Stored data entries:
******************************
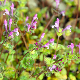 Scalping is good lawn practiceYou can make a case for scalping your lawn, and if you're in South Texas, it's just about time. (2-3 weeks in North Texas.) Let's list the benefits and how best to do it. I'll give pointers and precautions. Photo: Henbit is an early spring weed you'll eliminate by scalping. |
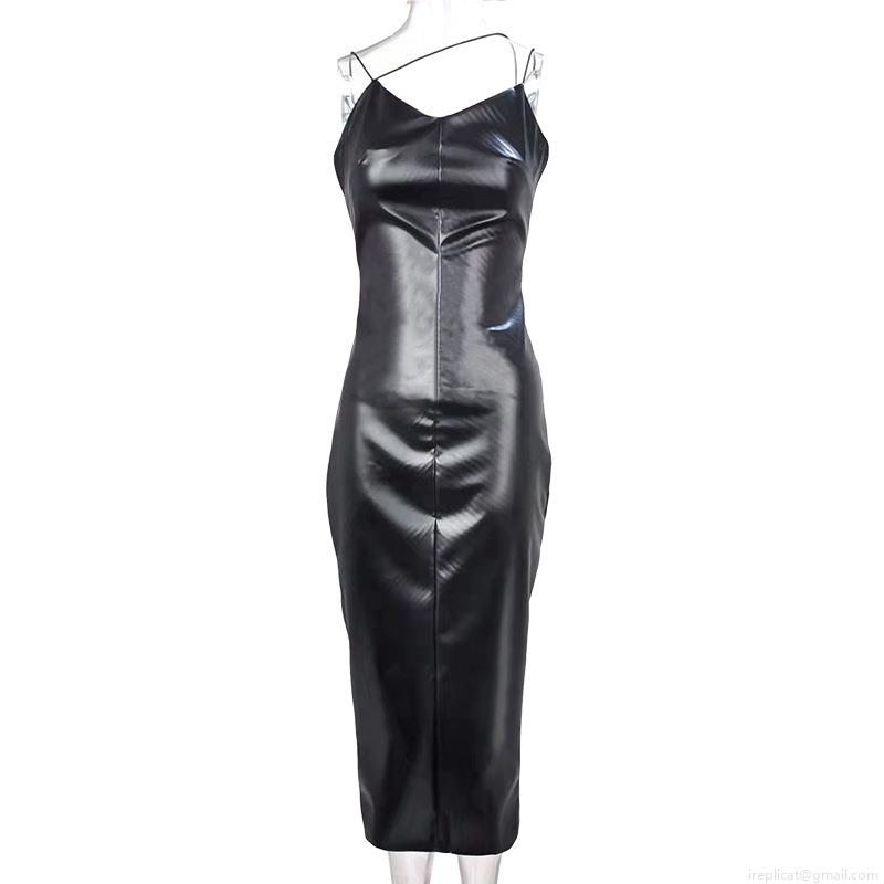 • Sexy Women's V Neck Spaghetti Strap PU Leather Bodycon Midi Dress Solid Color Sleeveless Side Slit Pencil Club Party Night Out Outfits
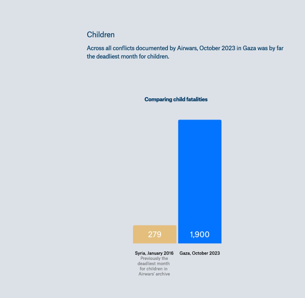 8/20 October 2023 - not even a complete month of war, as the war started on the 7th - is by far the deadliest month for children in all wars Airwars has studied.
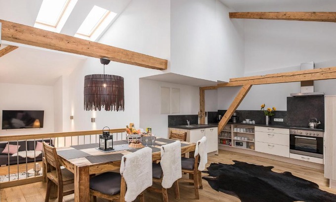 Food & DrinkChocolate/Cookies, Bottle of water, Tea/Coffee makerBathroomTowels, Private bathroom, Shower, Free toiletries, Toilet paper, Body soap, Toilet, Bathtub or shower, HairdryerMedia & TechnologyFlat-screen TV, Streaming service (like Netflix), TVKitchenKitchen, Toaster, Coffee machine, Refrigerator, Dishwasher, Electric kettle, Kitchenette, Kitchenware, High chair, Dining table, Stovetop, Wine glassesLiving AreaDining area, Sofa, Sitting areaOutdoorsPatioGeneralSoundproof, Hardwood or parquet floors, Key access, Heating, Smoke Alarm, Trash cansViewView, Quiet street view, Mountain view, Garden viewActivitiesSaunaBedroomLinens, Wardrobe or closetAccessibilityUpper floors accessible by stairs onlyBuilding CharacteristicsPrivate apartment in buildingRoom AmenitiesFeather pillow, Socket near the bed, Clothes rack, Sofa bed |
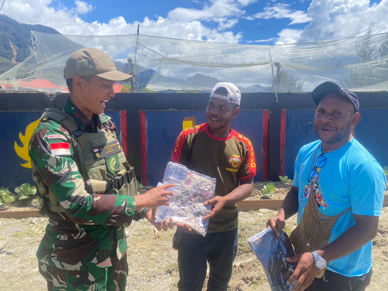 INTAN JAYA | POROSNUSANTARA.COM –Berikan bantuan dana biaya sekolah dan pakaian, Satgas Yonif 509 Kostrad peduli generasi muda Papua, kegiatan yang dilaksanakan di Pos Kodim Persiapan, Minggu (28/04/24).
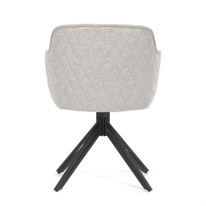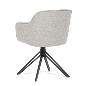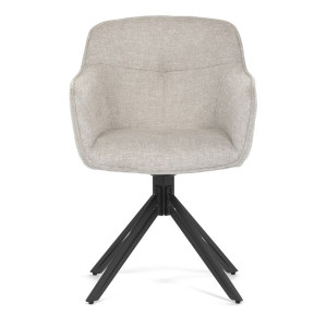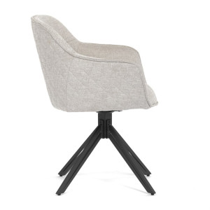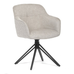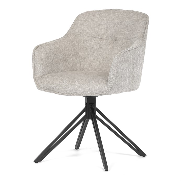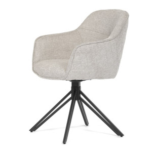 Jídelní a konferenční židle skořepinové konstrukce v zajímavém designu a ve velmi žádaném industriálním / loft stylu. Židle disponuje otočnou funkcí L90°/P90° s automaticky vratným mechanismem. Konstrukce sedáku i opěradla má pevnou kovovou kostru, potah je z jemně hrubé látky v béžovém odstínu. Polstrování je z pevné PU pěny, na sedáku v hustotě 28 kg/m3 a na opěradle 24 kg/m3. K pohodlí posedu poslouží nejen bohaté polstrování, ale i praktické a pohodlné opěrky rukou. Příjemný dekorativní prvky tvoří centrální čalounický vtah na opěradle a z vnější strany kosočtvercové prošívání. Nedílnou součástí je široká látková paspule v barvě židle, lemující celý obvod.
******************************
What you need to do: Omitting all pictures, retype exactly the lines from the line containing "INTAN JAYA |" down to the last line above, both ends included.

Reply to the exercise:
 INTAN JAYA | POROSNUSANTARA.COM –Berikan bantuan dana biaya sekolah dan pakaian, Satgas Yonif 509 Kostrad peduli generasi muda Papua, kegiatan yang dilaksanakan di Pos Kodim Persiapan, Minggu (28/04/24).
 Jídelní a konferenční židle skořepinové konstrukce v zajímavém designu a ve velmi žádaném industriálním / loft stylu. Židle disponuje otočnou funkcí L90°/P90° s automaticky vratným mechanismem. Konstrukce sedáku i opěradla má pevnou kovovou kostru, potah je z jemně hrubé látky v béžovém odstínu. Polstrování je z pevné PU pěny, na sedáku v hustotě 28 kg/m3 a na opěradle 24 kg/m3. K pohodlí posedu poslouží nejen bohaté polstrování, ale i praktické a pohodlné opěrky rukou. Příjemný dekorativní prvky tvoří centrální čalounický vtah na opěradle a z vnější strany kosočtvercové prošívání. Nedílnou součástí je široká látková paspule v barvě židle, lemující celý obvod.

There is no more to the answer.